FWIW...For many years I have been picking up roadkill deer to place out for just such a purpose. I was given permits to do so by either the county sheriff's office or the DNR field office. I also get deer carcasses from local processors and put them out to hunt over. While all of this is on private lands, I never read or heard that it was unlawful ("illegal" is a sick eagle- ) on state land. With all of that said, I would still suggest you get an answer straight from your local DNR CO.


----------



## brushbuster (Nov 9, 2009)

petronius said:


> This is all I could find in the Hunting and Trapping Digest, page 35.
> 
> http://www.michigan.gov/documents/dnr/hunting_and_trapping_digest_461177_7.pdf#page=16
> 
> ...


Yeah i read that but im confused, the regs also state you can use game parts for bait as long as they are in season to hunt. 
We also have a new law that was passed called the road kill bill. Supposedly it was initiated so we could use the road killed deer for hunting and trapping purposes as well as table fare any time of the year
Also i dont see any rules stating that you cant quarter a deer out in the field and leave the remains.We can field dress animals and leave the remains.
I also know of areas near Hartwick pines state park, that allow carcass dumping for eagle viewers. 
I dont know, it just seems the rules are conflicting.

Sent from my SCH-S720C using Ohub Campfire mobile app


----------



## swampbuck (Dec 23, 2004)

I hate when the leave room for interpretation.


----------



## DFJISH (Mar 30, 2009)

swampbuck said:


> I hate when the leave room for interpretation.


That's why I recommended that he should get his answer from his *local *DNR CO.


----------



## swampbuck (Dec 23, 2004)

We have big trash can on wheels, they pick up on Mondays, that's where mine go.


----------



## zachattack (Nov 2, 2012)

Well it is not dumping, it is baiting, but then again, you could claim baiting, but really be dumping.. this can/and will go both ways.. Ask the dnr, and let us know....


----------



## brushbuster (Nov 9, 2009)

zachattack said:


> Well it is not dumping, it is baiting, but then again, you could claim baiting, but really be dumping.. this can/and will go both ways.. Ask the dnr, and let us know....

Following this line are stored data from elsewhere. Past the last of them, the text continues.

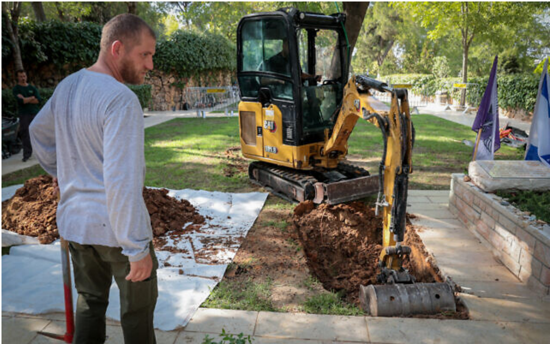
Graves being prepared at the Mount Herzl military cemetery in Jerusalem, October 8, 2023.

The Israel Defense Forces names another 13 soldiers killed in southern Israel during fighting with the Hamas terror group over the past day.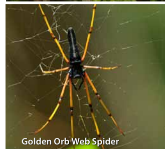
Golden Orb Web Spider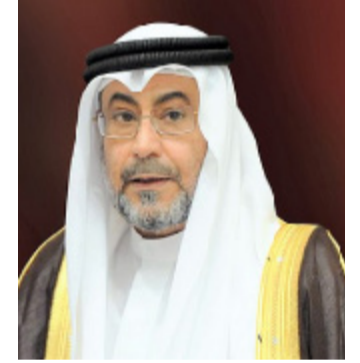
H.E. Ghanim Al Buainain

ly unrelated to the exercise of freedom of expression and freedom of speech.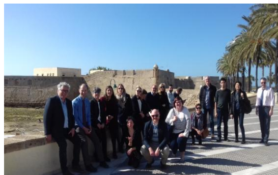
Members of the MMIAH Steering committee at the 6th Project Meeting in Cadiz, February 2019.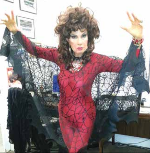
Spooky Me - Happy Halloween!

Young women believed that they could divine the name or appearance of their future husband by doing tricks with yarn, apple parings or mirrors. By the late 1800s, there was a move to mold Halloween into a holiday more about community and neighborly fun than about ghosts, pranks, and witchcraft. Today's Halloween traditions may even dates back to the early All Soul's Day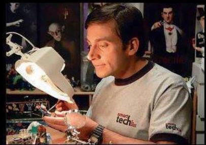
What society thinks I do...

I honestly think they are afraid to answer this question.

Sent from my SCH-S720C using Ohub Campfire mobile app


----------



## hawgeye (Mar 3, 2011)

Pm Dead Short, he will answer it or find the answer.


----------



## Downriver Tackle (Dec 24, 2004)

Interested to hear also. Pretty common around here. 'Yotes love those piles. Still trying to figure out what they're baiting for with the old TV's and VCR's amongst the remain piles though. :16suspect


----------



## jiggin is livin (Jan 7, 2011)

What's really the difference between a gut pile or the carcass?

Mine go in a large garbage bag and into my large trash can on wheels also.


----------



## MERGANZER (Aug 24, 2006)

Disposal is a problem if you are in city limits and have to pay for trash bags. I don't see what the problem is if you get permission to dump on private property. There are thousands of deer carcasses in the ditches of highways year round that are killed by cars.

Ganzer


----------